Mastering Prior Authorization Roles: Responsibilities and Training Demands Explored
Engagement in Prior Authorization: Duties and Training
INTRODUCTION:
The prior authorization (PA) process is critical in providing some patients with their medically necessary products. It is the insurance or payers’ way of controlling costs by approving or denying certain medications, procedures, or devices that may not usually be covered or is on a higher tier on the formulary. It ensures that what the patient receives is medically appropriate for their situation. Each step of the process includes unique roles and responsibilities at the healthcare provider’s (HCP) office, the pharmacy, the payer, or the manufacturer.
THE PHARMACY:
The pharmacy typically is the start of the utilization of the PA. The patient will bring in a prescription prescribed by their prescriber that will alert the requirement of a prior authorization once processed through the patient’s insurance. Prescriptions warranting this type of alert may include specialty medications or glucose monitoring products. The pharmacy then notifies the patient and the prescriber of this request. Sometimes, at specialty pharmacies where most of their products require a PA, pharmacists can directly work with the payer to accelerate this process to receive timely reimbursement and patient access. The responsibilities and education requirements for each role at this step of the PA process are listed below:
Pharmacist: The pharmacist is mainly responsible for communicating with the provider’s office to process a prescription PA request or denial. They are also responsible for notifying patients of this requirement before getting their medication. A pharmacist’s education requirement includes having a Doctor of Pharmacy (PharmD) degree.
Pharmacy Technician: The technician can also process the prescription through the payer and will be notified if there is a need for a PA. Technicians also support the pharmacist in communicating between the provider’s office and the patient. In order to practice, they must have a high school diploma. Some states require a pharmacy technician license or certificate.
Pharmacy Billing Specialist (PBS): Typically, specialty pharmacies utilize a PBS to optimize the billing process through their knowledge of billing regulations and healthcare system codes.
Managed Care Pharmacist (MCP): Managed care pharmacists can aid in the PA process by applying their medication knowledge in reviewing whether the medication is prescribed or taken appropriately.

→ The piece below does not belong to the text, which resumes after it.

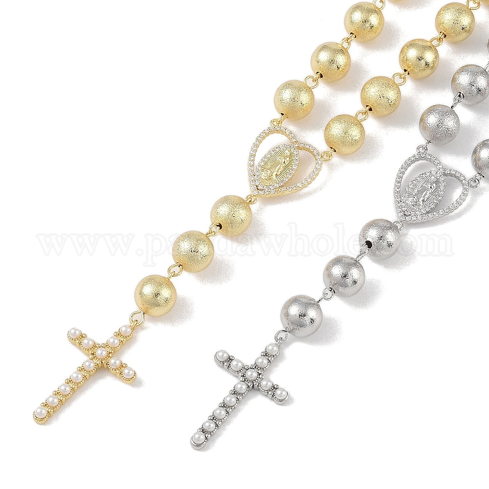 Ожерелья с подвесками из латуни с микропаве и прозрачным фианитом и пластиковым жемчугом, четки ожерелья из бисера, крестик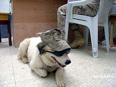 駐伊美軍士兵生活無聊,有些人只好以小狗相伴來打發(fā)時(shí)光。Ic/cnsphoto 攝

Patient Care Coordinator (PCC): The patient care coordinator’s role is primarily to act as a patient advocate from start to finish throughout their health journey, including any PA needs. They help the patient obtain a PA by communicating with the pharmacy and provider’s office. Most PCCs have a bachelor’s degree in social work, nursing, or public health.
Medication Access Coordinator (MAC): The medication access coordinators work within the ambulatory clinic setting and help pharmacists, physicians, and clinic staff with the PA to obtain reimbursements for high-cost medications to avoid delaying the initiation of therapies.
THE HCP OFFICE:
Once the provider’s office gets notice of a PA request, they will gather the necessary information to submit to the payer. This process can include patient demographics, charts, labs, and any clinical documentation that will aid in proving the necessity of the medication or service. Retrieving, documenting, and submitting such forms to the payer can be done with the help of the prescriber, medical assistant, clinical documentation specialist, prior authorization specialist, medical coder, or case manager. The responsibilities and education requirements for each role at this level of the PA process are listed below:
Prescriber: The prescriber can be a physician/MD, nurse practitioner (NP), or physician assistant. After thoroughly assessing the patient, they are responsible for prescribing the medically necessary medication or service. Education requirements for each include obtaining advanced-level degrees. All of these roles have additional state-required licensing exams before becoming a prescribing practitioner.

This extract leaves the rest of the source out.